The recent rollercoaster – many have used stronger words - that schoolchildren faced when they were unable to take their exams this summer has a read-over to our justice sector.
Since they were unable to be judged by exams, pupils undertaking GCSE’s and A-levels were initially judged by an algorithm, which led to weightings in favour of past performance. So, among other anomalies, a bright pupil from a historically poorly-performing school would be downgraded. Some pupils failed exams that they had never had the chance of sitting. The uproar led to the replacement of the algorithm by teacher judgement.
Teacher judgement had its own consequences. There was grade inflation, since teachers presumably took a more benign view of their pupils than impartial examiners would have done. But the interesting consequence is that teacher judgement – in other words, human judgement - has made the fuss go away. There seems in this case a general acceptance that human judgement is better than computer judgement.

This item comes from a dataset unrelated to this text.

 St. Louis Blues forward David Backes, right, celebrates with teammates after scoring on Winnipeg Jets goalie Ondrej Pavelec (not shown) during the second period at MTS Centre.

There are already algorithms in use in the justice sector, affecting our lives. The Law Society published a well-received report last year highlighting that algorithms are increasingly being used in criminal justice, from identifying criminals to administering justice and rehabilitation – ‘The use of algorithms in the criminal justice system’.

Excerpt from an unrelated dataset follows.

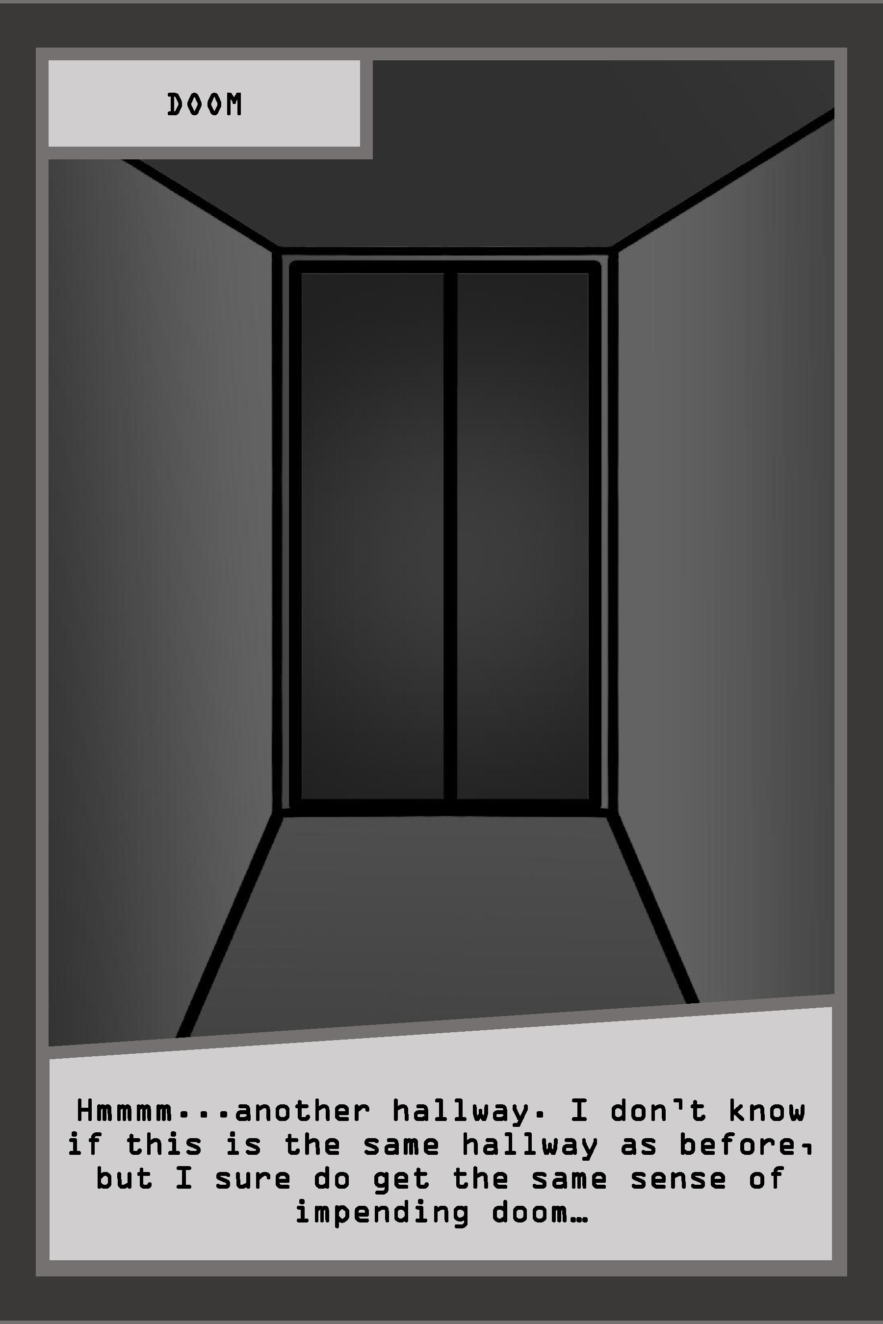 "Hmmmm...another hallway. I don’t know if this is the same hallway as before, but I sure do get the same sense of impending doom…"

The same kind of outcomes as were seen in the exam debacle were noted in justice algorithms, because in some cases data such as postcodes are used. Where postcode data are used to make judgments, it is obvious that people are no longer being judged on their individual characteristics, but on where they live.

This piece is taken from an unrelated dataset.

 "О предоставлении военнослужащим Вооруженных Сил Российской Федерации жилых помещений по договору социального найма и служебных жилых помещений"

It is not fanciful to think that decisions by algorithm will play an increasing part in all our lives, including in justice. The computerisation of justice continues apace after our collective lockdown experience during the pandemic.
The Law Society boasted last week about the experience of the business and property courts in England Wales during lockdown:
‘Since the lockdown began, 85% of national and international business disputes in the business and property courts are being concluded remotely using technology. Commercial court users have reported almost no backlog of cases and that the courts continue to have similar levels of business to previous years.’
The European Commission has recently announced a consultation on the 'Digitalisation of justice in the EU', directly linked to the pandemic: 'The COVID-19 crisis has highlighted the need to launch and accelerate different actions related to the transformation of justice by employing digital technologies' . The consultation closes on 10 September.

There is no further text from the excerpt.